The editorial concluded with the comforting message that many who have remained outside God’s kingdom for decades have received the grace of repentance. It ended with these words: ”The parents or family members may not live to witness the day when their loved one has the grace to return. But believers have the hope for reunion one day in heaven’s home.”
I remember that, when reading these final words, I briefly hoped that I would be allowed to leave this world. I was afraid of the distressing possibility that I might lose my child who had given up faith. But that notion passed as quickly as it had come. It is good to live and hope that good God would still grant a time of grace.

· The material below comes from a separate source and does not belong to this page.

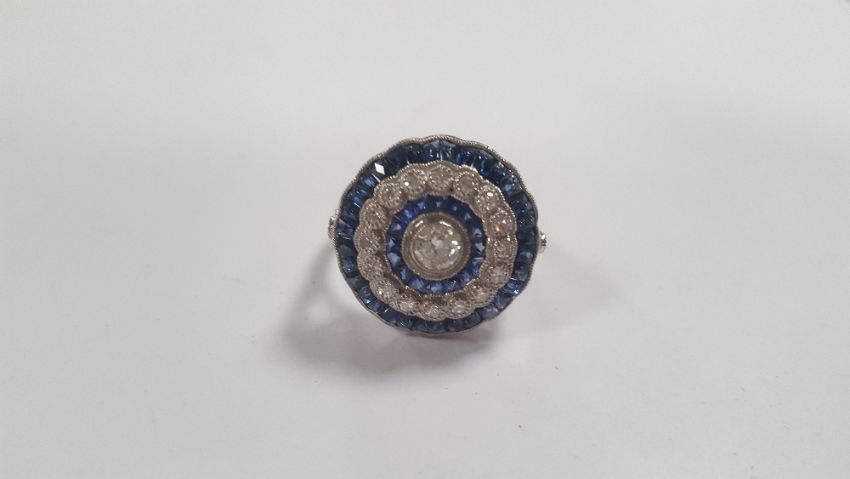 A PLATINUM SAPPHIRE AND DIAMOND RING, DIAMONDS APPROX. 0.78 CT, CALIBRE CUT SAPPHIRES APPROX. 2.35 CT, SIZE O½

The December 1964 issue of Kotiliesi magazine included a beautiful article titled The things for which I am most grateful to my parents. The headnote of the article pointed out that high standard of living has become a magic word and the sole purpose of life. ”We think that mere material wealth is enough to create the source of strength that home means in the most profound sense of the word,” the text said. The writer of the article had wanted to explore the order of life values by presenting to five publicly known people the question: “For what thing I am most grateful to my parents?”
One of the respondents was Major General Kaarlo O. Leinonen, who served as an adjutant of Urho Kekkonen, President of the Republic, and, at the end of his career, as Chief of Defense for Finland. He was born in Loue village in Tervola. I was deeply impressed by the interview of Commander Leinonen, and I would therefore like to summarize its content here.

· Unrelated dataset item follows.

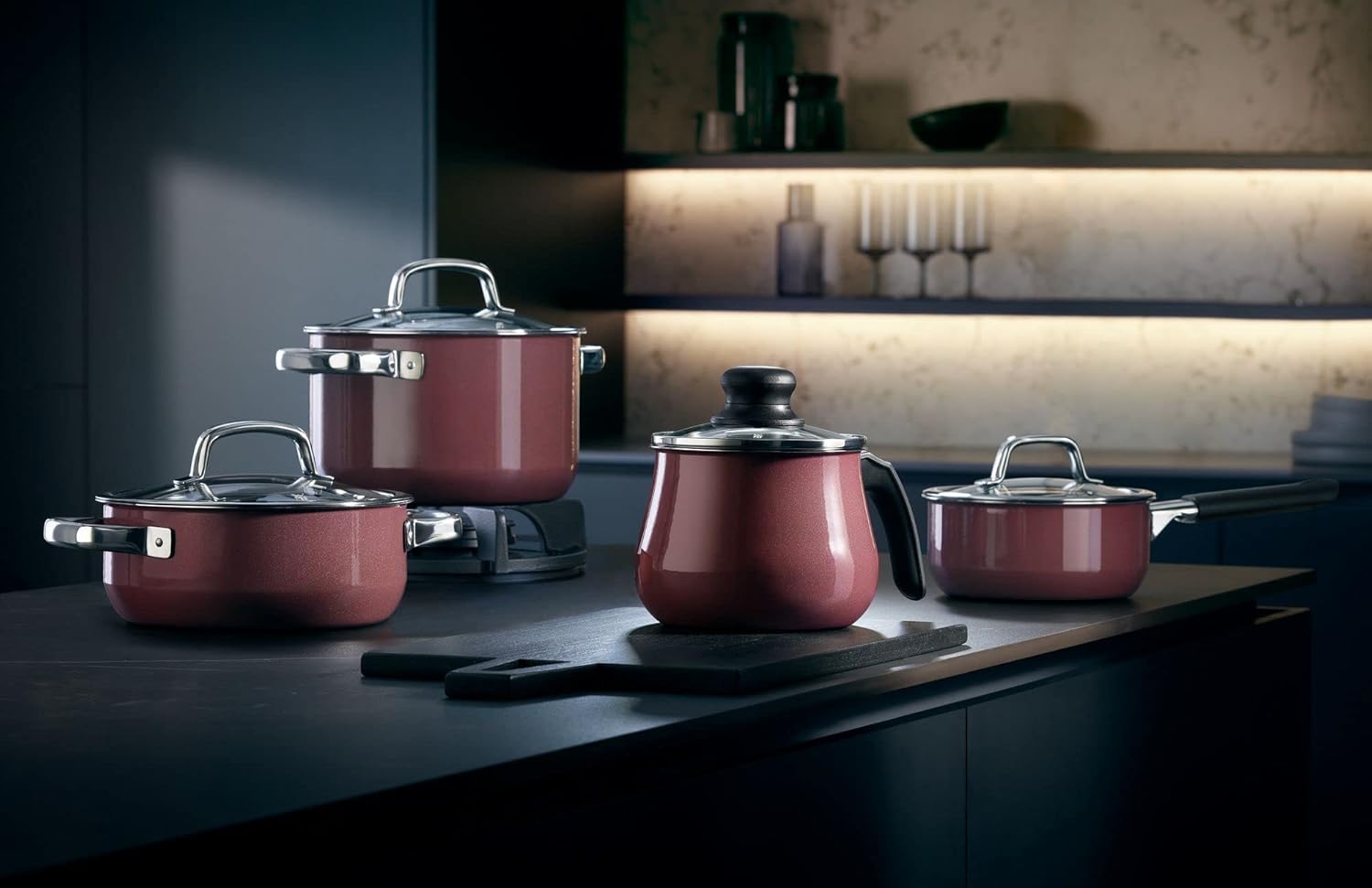 قابلمه کوچک معدنی WMF Fusiontec با درب رز کوارتز قرمز

He started by describing his home, which was a typical farm in southern Lapland. There were more than ten dairy cows and about twenty hectares of arable land. The family had eight children. Farming was hard work, and the farm was so big that the father could not go to logging camps for extra income. Three of the children were sent to secondary school in Kemi. Leinonen said that this was mostly due to his energetic and enlightened mother. “It was no small thing to send three children to live in town for the school semesters during the years of serious food shortage.”

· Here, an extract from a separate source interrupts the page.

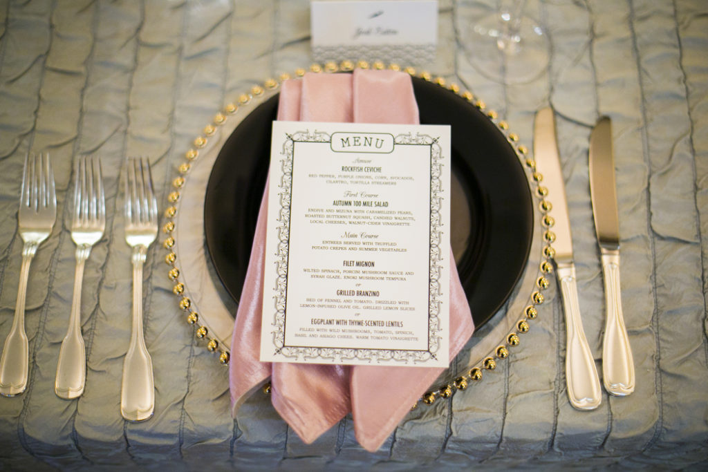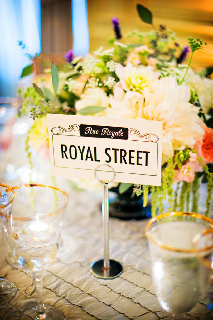 Color: Mint green, blush pink, and peach with black and gold accents. The black accent reminds them of the iron work of the railings of New Orleans, a favorite vacation spot for the couple.

Leinonen said that, as an adult, he had a strong desire to visit his home area while his parents were still alive. He felt he always returned from there with renewed strength. The memory of his parents, especially his mother, still seemed to tie him to his home village. He was close to his mother. ”I received my most valuable instructions for life from my home – and my mother created the atmosphere of our home”, Leinonen said.
Kaarlo O. Leinonen remembered his mother as a good and honest person who was optimistic even at times of hardship. He said, ”I am happy and grateful I had parents like my mother and my good, taciturn father to show me the way. They were Lestadian believers. Their living Christianity was reflected in their speech and their actions, their whole life from morning till evening. That was how I learnt the difference between right and wrong, good and evil. I also saw that my mother and father treated all their neighbors in the same way. I learnt at an early age that the important thing is not external status but the person him- or herself.”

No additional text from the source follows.